**Exercise prompt**
The copy has to match the records word for word and include no pictures.

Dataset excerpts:
== == ==
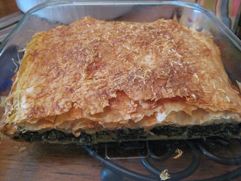 ****We also buy our phyllo at Prima Foods. There, the thin kind is #7 (it’s the box with the baklava recipe on the back.) The boxes they sell are big enough that I cut the phyllo in half at the fold and use just half a box for one 9×13 batch of spanikopita.
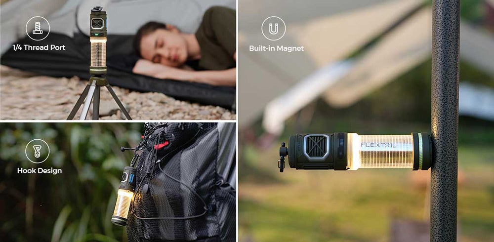 本体下部には一般的な1/4インチサイズのネジ穴付きで、三脚で立てることが可能です。上部にはバックパックやテントに取り付けができるフックが付属しており、どこでも手軽に吊るせます。また、マグネットも内蔵されており、車体やテントポールにくっ付けるなど車中泊等のシーンにも活躍します。
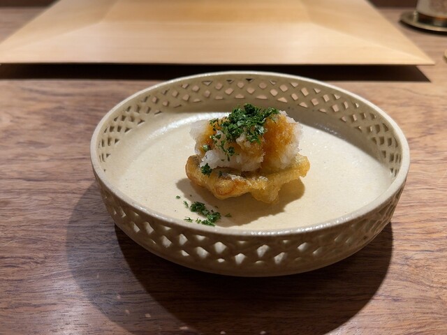 さていよいよお食事スタートですが、波濤ではおつまみから握りの流れで、1品めは寒いのでということで、氷見のメバルのお椀からスタートでした。
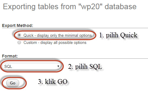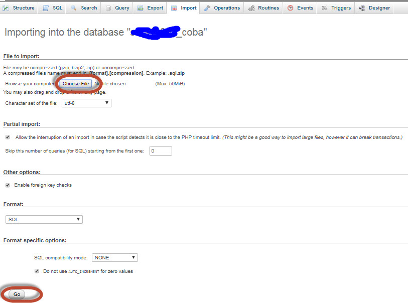 Klik Choose File, dan pilih database yang sudah di export sebelum nya pada poin 1. Ingat, ekstensi nya adalah .sql. Lalu klik Go.
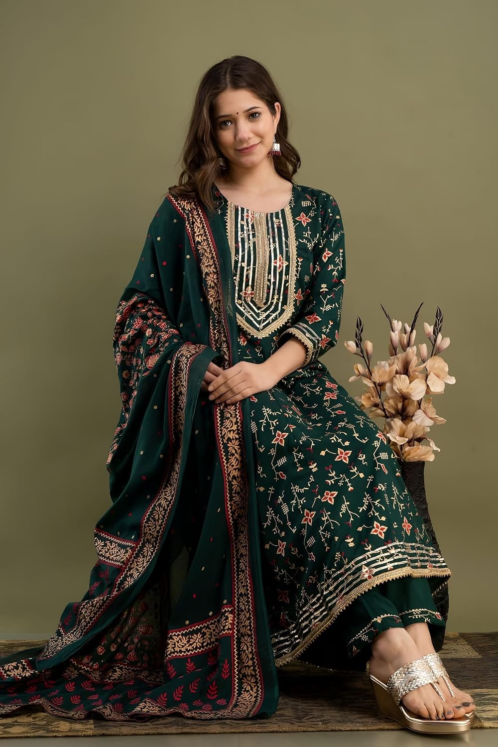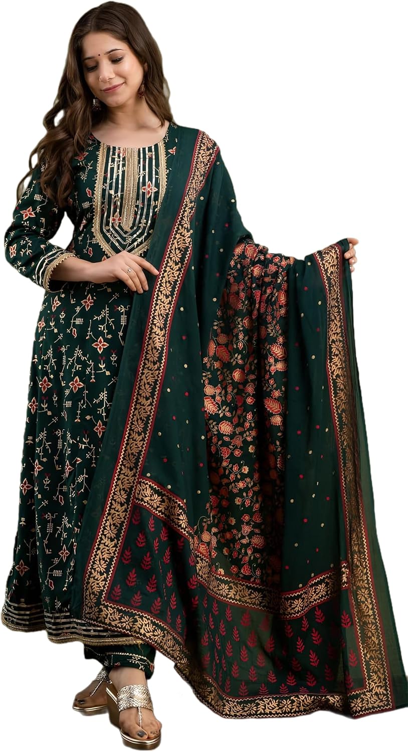 Trendy And Cool Outfit With Pure Reyon Fabric Print Gotta Detailing Anarkali Kurti With Print Pant With Full Dupatta Beautiful Printed💃 Note :- Best Quality Always ⭐Product code JH ⭐ Size: M/38, L/40, XL/42, XXL/44, XXXL/46 ⭐ Big Size: 4XL/48,5XL/50,6XL/52 ⭐ Fabric: Reyon 14KG ⭐Product: Kurti + Pant+ Dupatta ⭐ lenght Anarkali Kurti “48” Pant “38” Dupatta “2.10 Mitter” ⭐Color`s: B.Green 💚 Purple 💜 Wine💙 ⭐Work: Gotta Detailing ⭐Type: Fully stitched Size : M ,L, XL, XXL XXXL
== == ==
**Response to the exercise**
 ****We also buy our phyllo at Prima Foods. There, the thin kind is #7 (it’s the box with the baklava recipe on the back.) The boxes they sell are big enough that I cut the phyllo in half at the fold and use just half a box for one 9×13 batch of spanikopita.
 本体下部には一般的な1/4インチサイズのネジ穴付きで、三脚で立てることが可能です。上部にはバックパックやテントに取り付けができるフックが付属しており、どこでも手軽に吊るせます。また、マグネットも内蔵されており、車体やテントポールにくっ付けるなど車中泊等のシーンにも活躍します。
 さていよいよお食事スタートですが、波濤ではおつまみから握りの流れで、1品めは寒いのでということで、氷見のメバルのお椀からスタートでした。
 Klik Choose File, dan pilih database yang sudah di export sebelum nya pada poin 1. Ingat, ekstensi nya adalah .sql. Lalu klik Go.
 Trendy And Cool Outfit With Pure Reyon Fabric Print Gotta Detailing Anarkali Kurti With Print Pant With Full Dupatta Beautiful Printed💃 Note :- Best Quality Always ⭐Product code JH ⭐ Size: M/38, L/40, XL/42, XXL/44, XXXL/46 ⭐ Big Size: 4XL/48,5XL/50,6XL/52 ⭐ Fabric: Reyon 14KG ⭐Product: Kurti + Pant+ Dupatta ⭐ lenght Anarkali Kurti “48” Pant “38” Dupatta “2.10 Mitter” ⭐Color`s: B.Green 💚 Purple 💜 Wine💙 ⭐Work: Gotta Detailing ⭐Type: Fully stitched Size : M ,L, XL, XXL XXXL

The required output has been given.